I hope this is of some help.Take care . . . from Lexi


----------



## SJH (Jan 6, 2004)

Thanks for the replies. Pizza is a no go for me as I can't have cheese either, unless it is goats cheese. I will certainly check out your thread on IBS friendly foods but like you said everyones IBS is triggered by different things. I know for a fact that raw onion is an absolute no no!!Lexi - Like you I just think Im going to have to take more time over my shopping.


----------



## SHERBIE (Dec 23, 2003)

Try non-dairy cheese! Available from Holland and Barrett and herbalists. Its ok and looks and tastes like dairylea cheese slices!


----------



## GoLightly (Mar 23, 2003)

I think it's something else they put in the soup! I can eat tomatoes, homemade tinned tomato based dishes, etc. I had my D pretty much under control with calcium and imodium until I had spicy Italian soup for lunch. I had D within 2 hours. I don't know what it was in the soup, it was mainly tomatoes too I'm sure. I don't have any regular food triggers but I'm never eating that again (it was a quality cold counter one and delicious!)Can you eat tomato- based sauces at home?


----------



## floridagrl321 (Jan 13, 2004)

There is something called "Prelief" that helps ith acidic foods. You can try that. My doc told me to try it but I haven't gotten to yet. You can get it at CVS...Floridagrl


----------



## Lexi_Con (Aug 18, 2003)

Hi SJH,I cannot eat any dairy, or red meat.Any pizza made me very sick, very quickly.I missed pizza so much!

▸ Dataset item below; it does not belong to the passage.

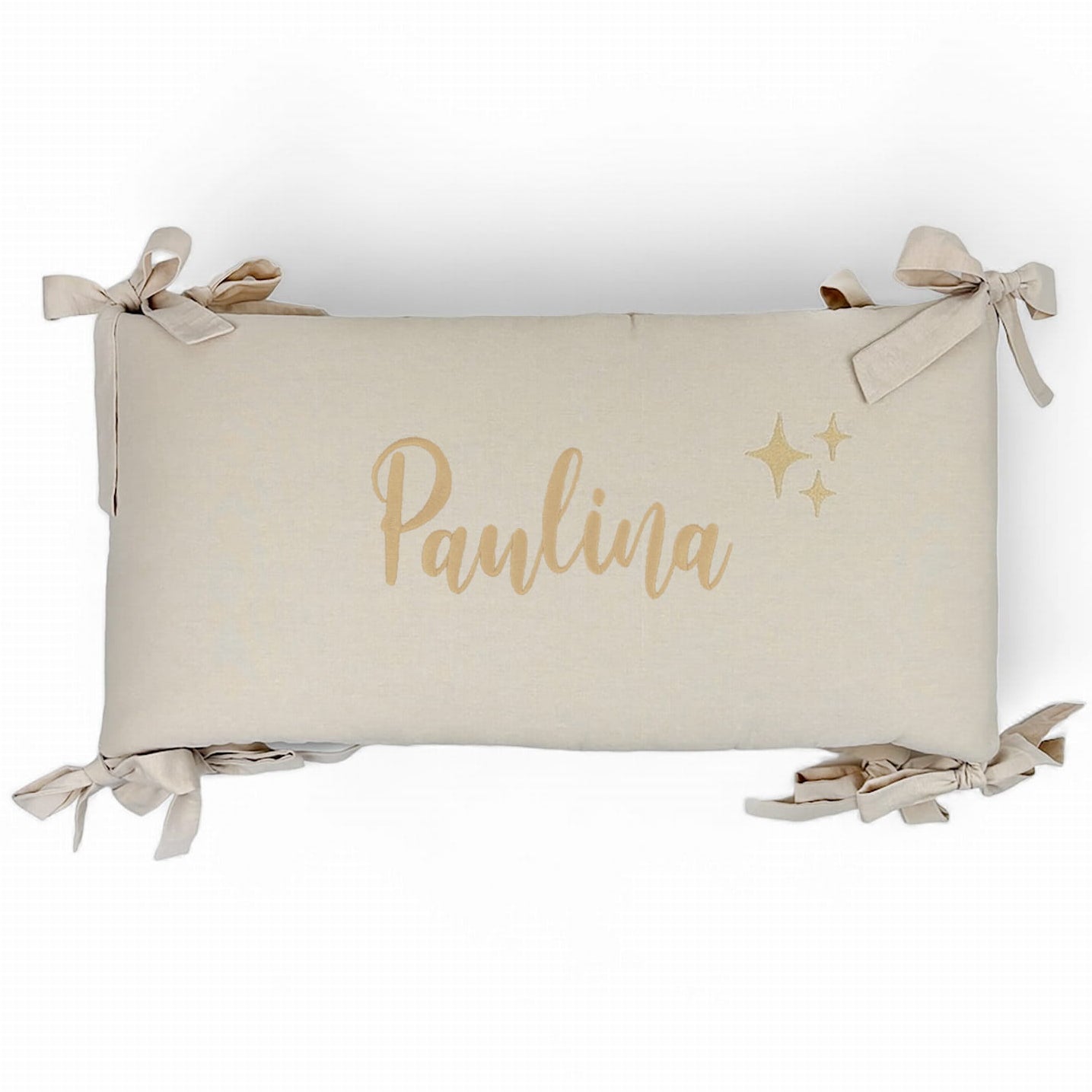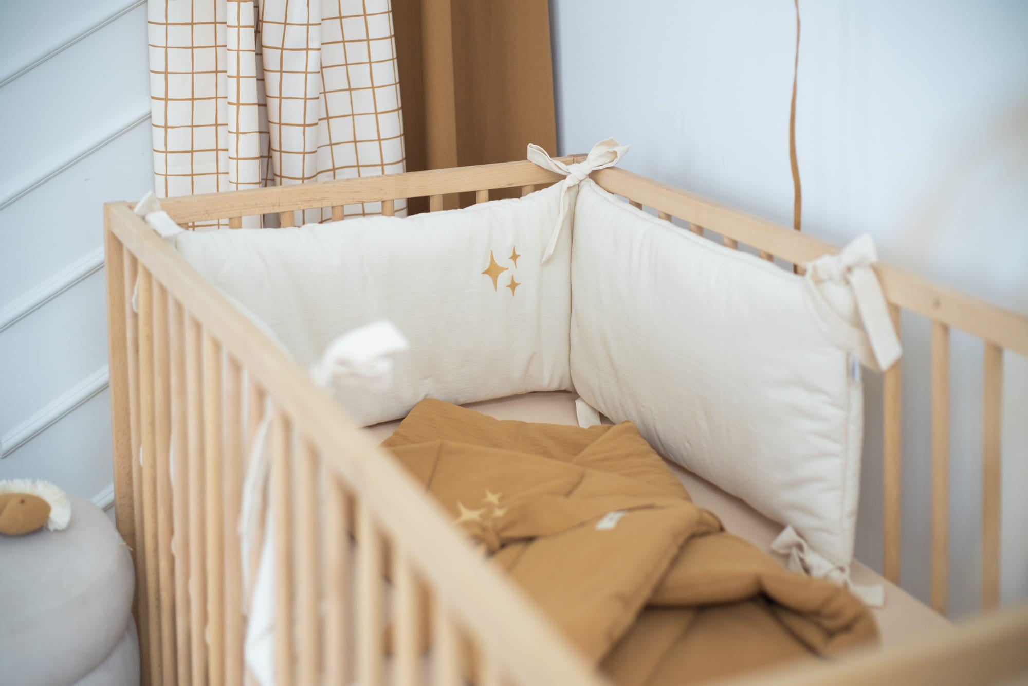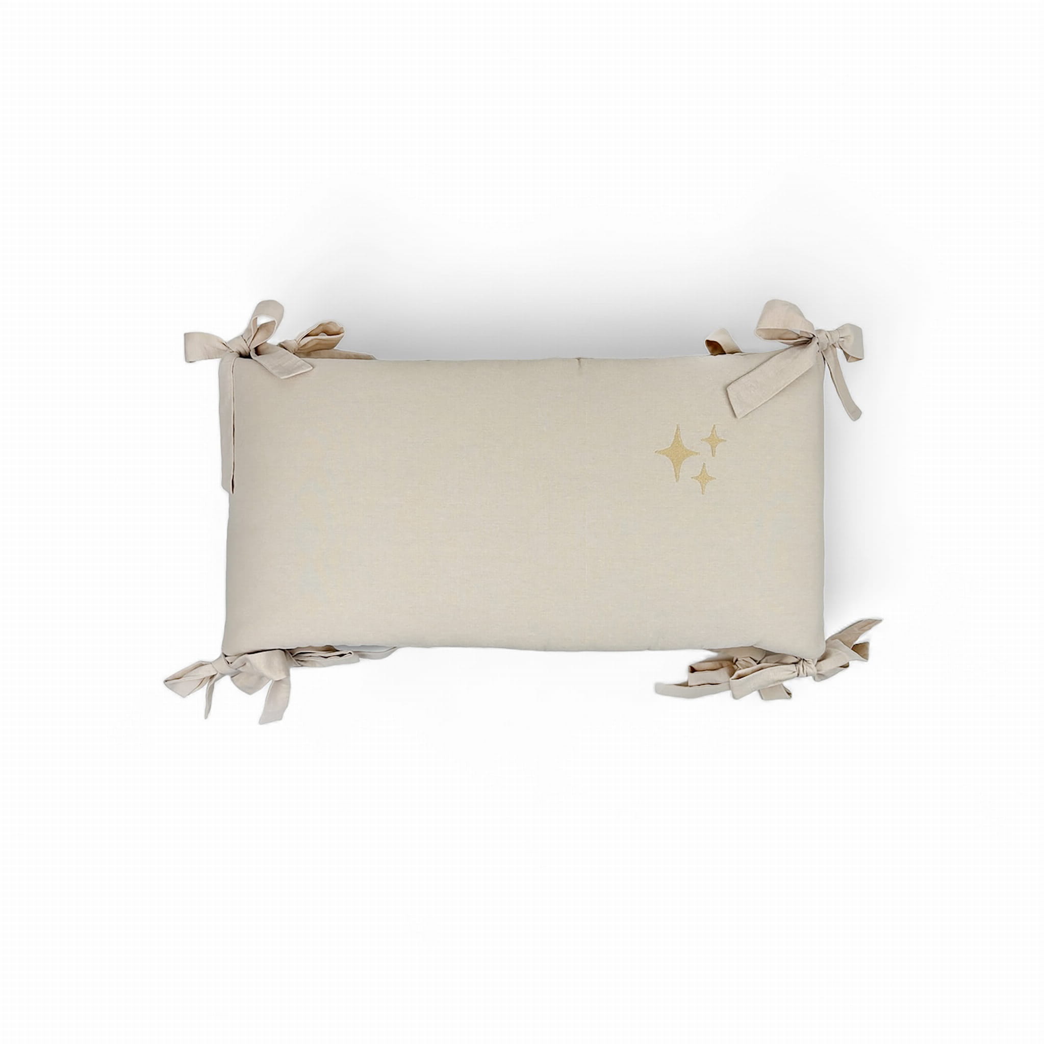 Item: The Cot Bumper in Washed Stars Natural is a stylish and functional addition to your baby's nursery. The bumper features a soft, slightly crumpled texture reminiscent of linen, providing both comfort and aesthetic appeal. It is filled with anti-allergic silicone, ensuring a safe environment for your little one. The bumper is adorned with decorative star embroidery on the middle panel and is equipped with ties that resemble beautiful bows when attached to the crib.

My version of pizza uses soy "mozzarella", soy "pepperoni", and canned sliced mushrooms.This is on a base of a small amount of canned plain tomato sauce on which I sprinkle Italian Seasoning.Since I live alone, I just use the store-bought pizza shells and make my own "meatless, dairyless, tomato-reduced" version of pizza.This is also much lower in fat: no disgusting rivulets of grease up your forerams when eating it!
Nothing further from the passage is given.